Keyboard shortcuts

Press or to navigate between chapters

Press S or / to search in the book

Press ? to show this help

Press Esc to hide this help

essence

essence is the command Vajra was built for. It takes a JSON document, runs the full analysis pipeline, scores every observation against a concern profile’s weight vector, and renders a compressed, ranked, faithful representation — shaped for whoever is reading it.

An essence is not a summary.
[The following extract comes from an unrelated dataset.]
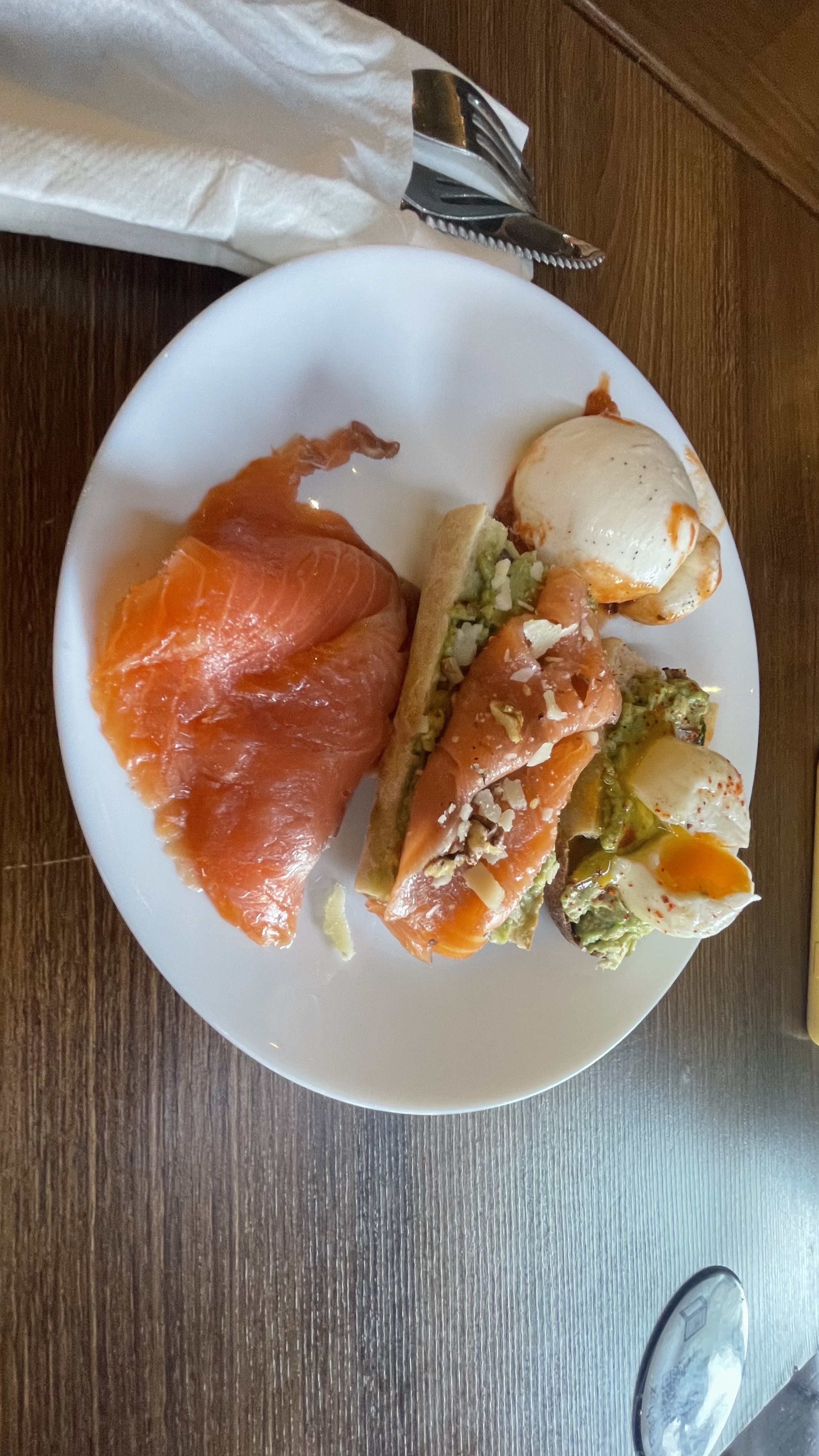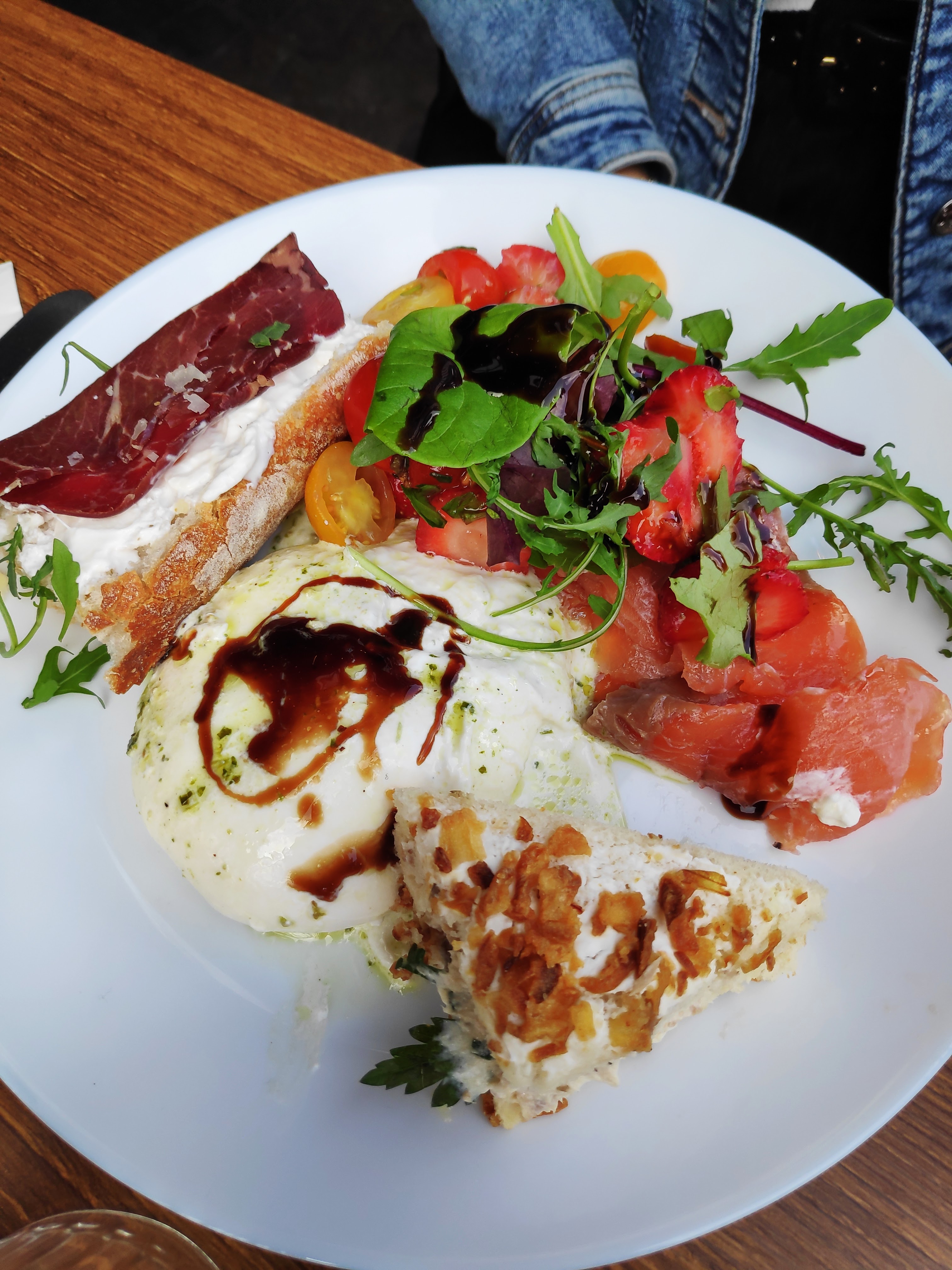 Expérience sympa dans l’ensemble avec un cadre très agréable (autant intérieur qu’extérieur) et une salade saumon burrata très bonne. Petit bémol cependant pour le service qui est parfois un peu chaotique du fait du monde et surtout du café qui est mauvais, à ne pas prendre ! Le personnel est cependant très gentil et souriant, je reviendrai sûrement pour tester le brunch et voir si l’expérience diffère.

A summary loses information probabilistically. An essence compresses information deterministically, preserving everything above a configurable importance threshold while collapsing structural noise.


Usage

vajra essence <input> [flags]

Arguments:

ArgumentDescription
<input>Path to a JSON file, - for stdin, directory, or HTTP URL

Flags:

FlagDescriptionDefault
--format <fmt>Output format: text, json, markdown, compact-aitext
--profile <name>Concern profile: staff, engineer, auditor, ai, fraud, or customengineer
--budget <N>Approximate token budget for outputunlimited
--config <path>Path to TOML file with custom profile definitionsnone
--input-format <fmt>Override auto-detected input formatauto
--streamingForce streaming modeoff
--redactApply built-in redaction before renderingoff
--explainInclude score decomposition for each observationoff
--quietSuppress progress outputoff

How Essence Construction Works

  1. Collect candidates. All observations from the analysis pipeline — notable fields, motifs, anomalies, relationship discoveries — become candidates.

  2. Score each candidate using the active profile’s six-dimensional weight vector:

    • rarity — self-information of the observation
    • instability — type instability at the path
    • entropy_signal — distance from 0.5 normalized entropy (both constants and noise score high)
    • structural_coverage — fraction of total nodes under this path
    • anomaly_strength — maximum anomaly score across dimensions
    • concern_relevance — profile-specific boost for this path or observation type
  3. Collapse motifs. Repeated structural patterns are represented once with a count and specific variations noted.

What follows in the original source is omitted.